Emotional Triggers

What is an Emotional Trigger?

An Emotional Trigger is a response to a person, situation, event etc, that provokes a strong emotional reaction. A trigger sets off an Emotional Flashback of past trauma. Often we are not self-aware when we are triggered.

My Identified Emotional Triggers

  1. Unclear communications.
  2. False communications. Dishonesty.
  3. Not being listen to / heard.
  4. Stonewalling.
  5. Not being understood.
  6. Feeling inadequate.
  7. Feeling judged.
  8. Feeling ridiculed.
  9. Being put down.
  10. Failure.
  11. Confusion. Not being clear on something.
  12. Social situations.
  13. Authorities and meetings / dealings with people of authority.
  14. Bad Memories.

I will add to this list as I realise other triggers, bound to be more.

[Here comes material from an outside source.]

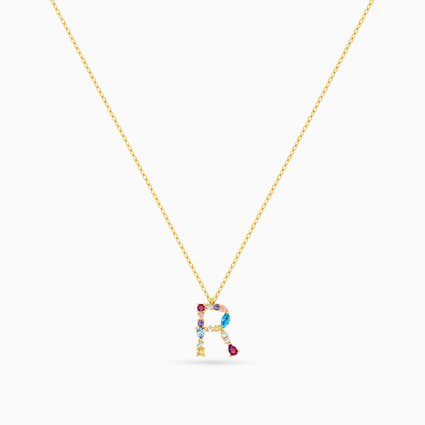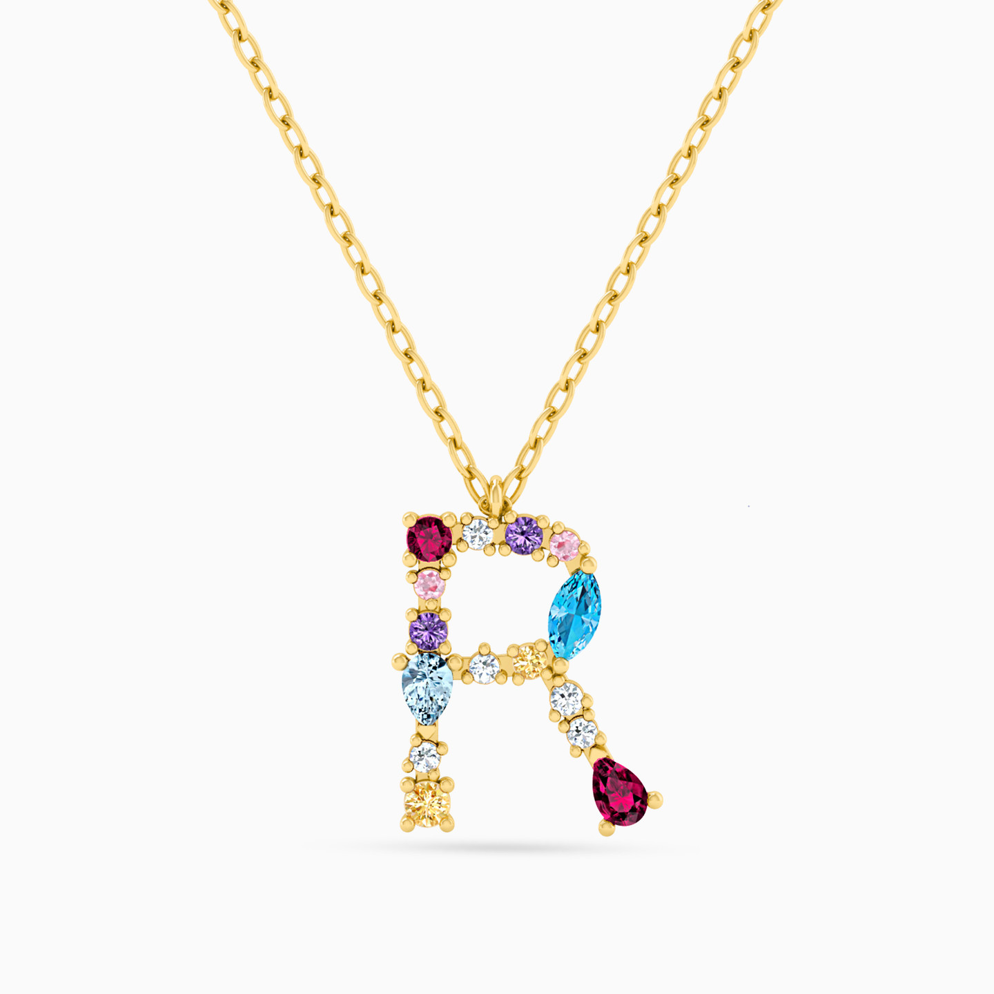 سلسلة ذهب حرف R عيار 18 قيراط مزينة بالأحجار الملونة

As PTSD never quite goes away, I am going to have to learn to avoid triggers. Not easy when you have a list like that! I never knew about triggers until last year. I was just rolling with life, looping between feeling strong and depressed. Wondering if I was going crazy. Not understanding what was happening to me inside my head. Looping over and over past traumas. Now I understand triggers. Now I understand Emotional Flashbacks. Now I know when to speak to people and ask for help. I know my strengths and I know my weaknesses. Hopefully with time the weaknesses will decrease and the strengths will increase. I feel at the moment that I am stuck in a bit of a limbo. I am learning about my mental health, but at the same time it still bewilders me because I recognise now that I am not in control, but in a different way. Before, I was just ‘out of control’ and felt ‘crazy’. Now, I am seeing patterns, processes, triggers. So I am having to learn to live my life in a different way. I am on an emotional roller coaster at the moment. Tearful, worn out. I know this loop well. Except this time it’s different. Before, I knew it would end and I would feel stronger. Now, I know it needs managing. It will still end, but now I am consciously aware of what’s going on inside my head. I will feel a different stronger. I don’t feel strong yet. But I feel different.

One step at a time.

I begin an Anxiety Management group soon. That is the first step.